One of the studies employed a ‘rush protocol’ which involved administering increasing doses of peanut dose 3–4 times a day over a period of 6 days.31

In three studies29,30,34 OIT was administered as daily oral doses of peanut flour mixed with yoghurt or in a food vehicle chosen by the subjects; in the remaining three studies3133 it was not clear how peanut was administered. Three studies29,32,34 started the treatment with an open peanut challenge to determine the threshold dose of peanut exposure, two studies30,31 started with a DBPCFC, and the remaining study did not report on any challenge at the outset of the study.33

Study quality assessment

All the included studies were case series so the risk of bias was high. None of the studies reported consecutive recruitment of participants, so the risk of selection bias was particularly high. Because there was no blinding of patients or clinicians/researchers, the risk of information bias was also high. There is also an inherently high risk of publication bias with case series.

Effectiveness and safety of OIT

Threshold dose of peanut exposure

In interpreting these data it is important to appreciate that each whole peanut contains approximately 200–250mg peanut protein and that 2mg peanut flour=1mg peanut protein.

Four studies29,30,31,34 assessed changes in the threshold dose of peanut required to provoke symptoms as an outcome. One study32 used the ability to tolerate one peanut as an outcome and the remaining study used the ability to tolerate 7.8g of peanut flour as an outcome.33

Three of these studies2931 compared the threshold dose for peanut allergen at the beginning of the study with the threshold dose during the maintenance phase. In the study by Jones et al.,29 symptoms occurred on the initial day in 39 participants at a median dose of 6mg peanut protein (range 0.1–50mg) whilst, at the final OFC, symptoms started in 29 of these participants at a median dose of 1.8g peanut protein, a mean increase of 300 times the initial tolerated dose. Twenty-seven of the 29 participants who completed the study reached the total peanut target dose of 3.9g (equating to approximately 16 peanuts).

In the study by Clark et al.30 four participants with peanut allergy underwent OIT. At the initial assessment one participant had a threshold dose of 5mg peanut protein (approximately 1/50 of a peanut) whilst the other three participants each had a threshold dose of 50mg (approximately 1/5 of a peanut). At the post-intervention challenge the highest tolerated dose ranged from 2.39g to 2.76g (i.e. 10–12 peanuts), an increase of between 48 and 478 times the initial threshold dose.
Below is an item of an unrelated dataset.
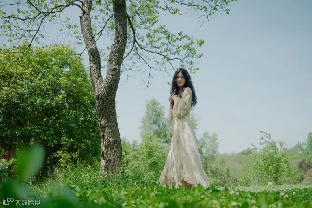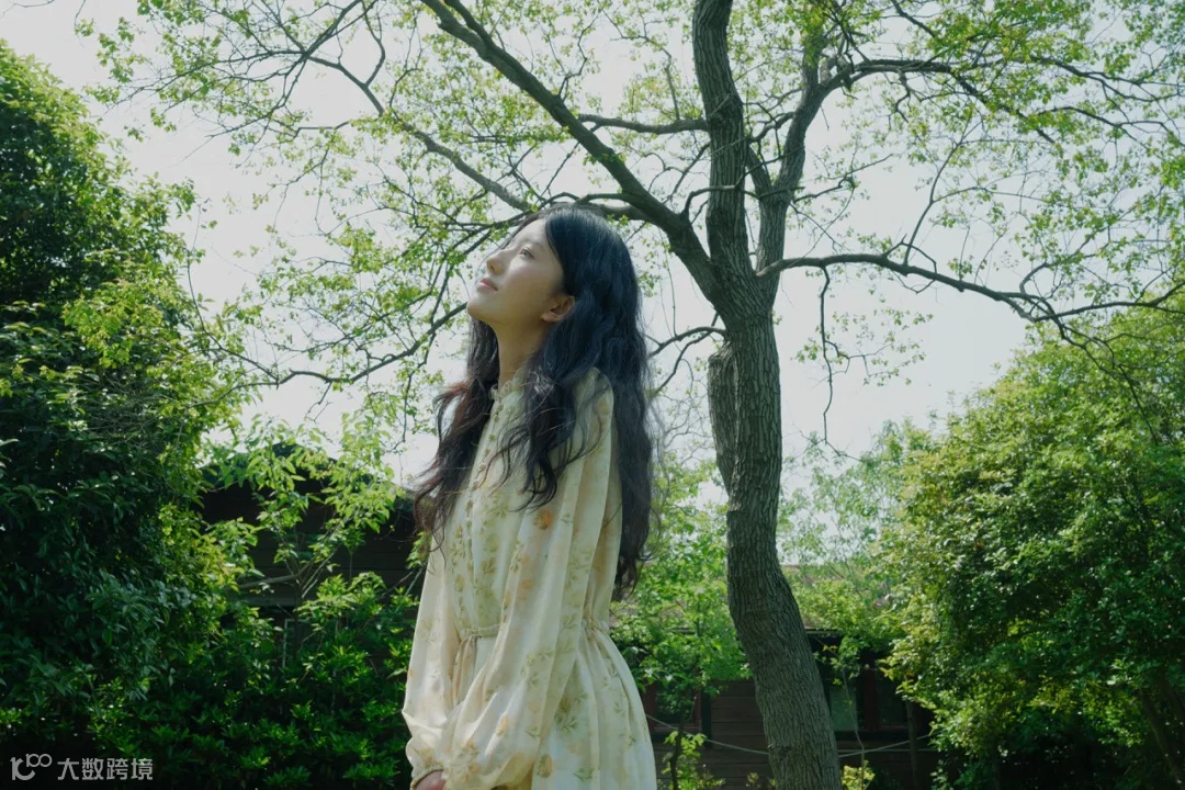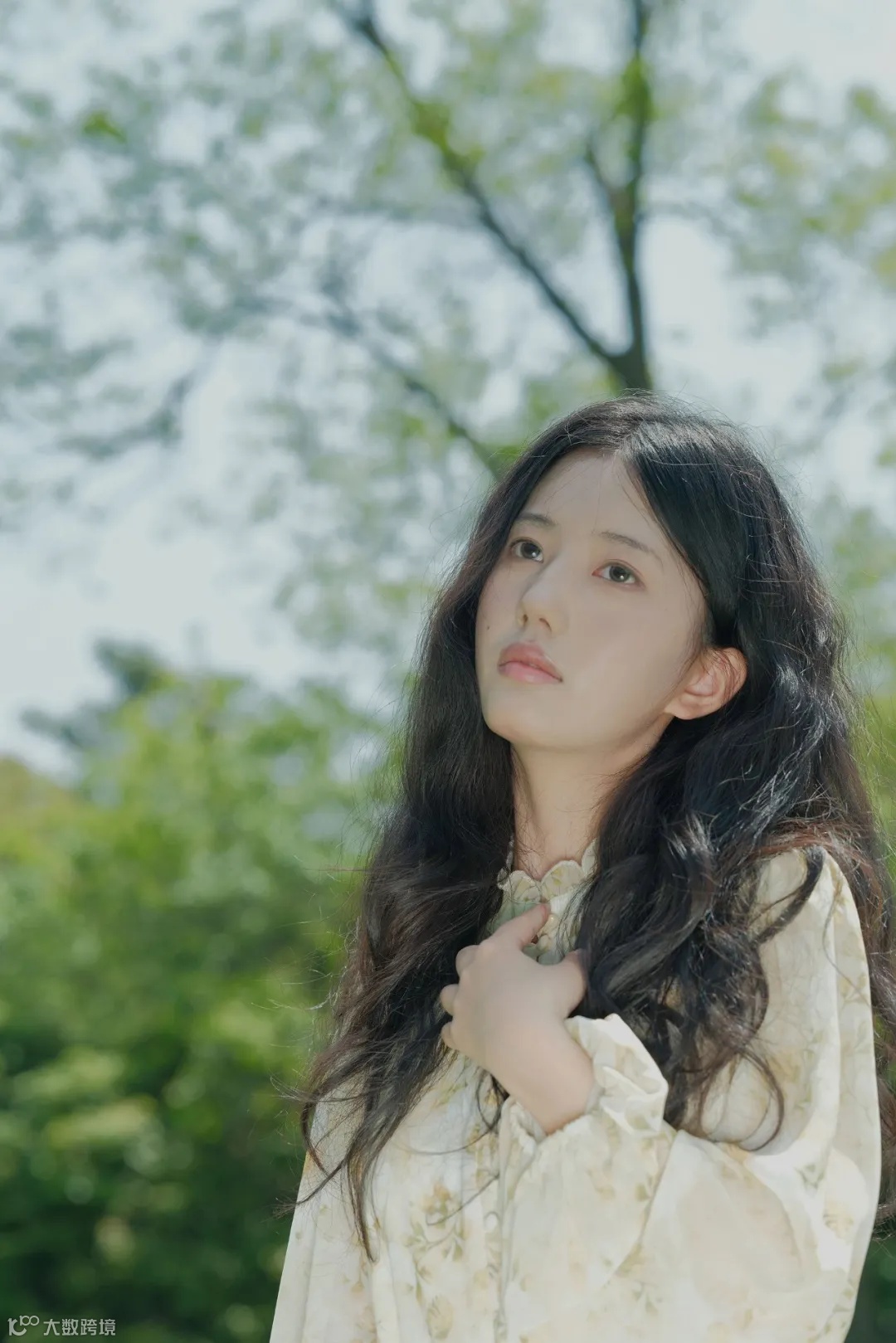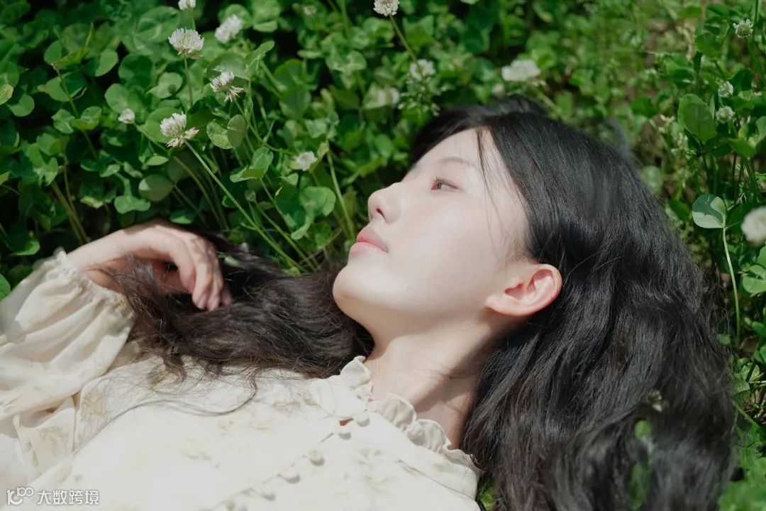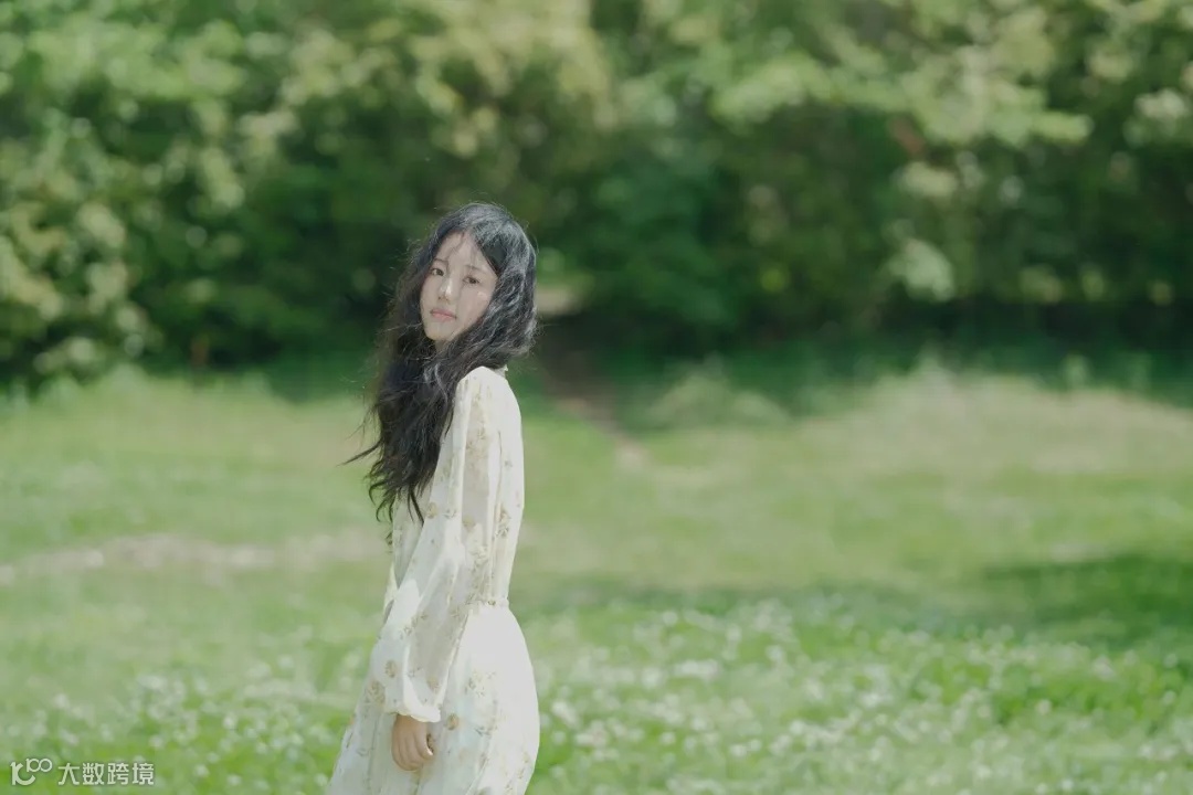 来到旁边的一处草坪空地,或是旋转,或是回眸,与自然深度互动,阳光也照亮了每根发丝,春日嫩绿的氛围全都在画面里。

Blumchen et al.31 initially performed a rush OIT protocol with whole crushed roasted peanuts (which was presented in boiled apple). Patients who tolerated 500mg peanut or more after the rush protocol went directly to the maintenance phase for 8 weeks. If a dose of 500mg whole peanut was not achieved during this initial rush phase, patients were discharged from hospital and were transferred onto the longer-term build-up protocol (0–20 months) which was delivered in an outpatient setting. In 17 of 22 patients the amount of peanut tolerated did not change during the rush OIT compared with the initial food challenge. These patients were discharged and post-rush OIT doses were taken on a daily basis (range 24–400mg peanut) until they reached the goal of at least 500mg peanut. Five patients reached a dose of 500mg peanut (median 1g, range 0.9–3g) and went to the maintenance phase for 8 weeks. Fourteen of 23 patients (61%) reached the protective dose of 500mg whole peanut. At the final DBPCFC, patients tolerated a median of 1g peanut (range 0.25–4g) in comparison with 0.19g peanut at the DBPCFC before the start of OIT (range 0.02–1g).

Two studies reported only on the final dose of peanut protein that patients were able to consume without provoking symptoms: Nash et al.33 reported that all 13 participants who completed the study were able to consume a final dose of 7.8g peanut flour (approximately 31 peanuts) safely, although five of the 13 patients experienced mild symptoms (discussed below). Wasserman et al.32 reported that 16 participants were able to tolerate at least one peanut; these data are, however, difficult to interpret because the number of patients with peanut allergy who received OIT is unclear from the report (n=16–38). Finally, Buchanan et al.34 did not report any threshold doses or changes in the threshold dose of peanut during OIT.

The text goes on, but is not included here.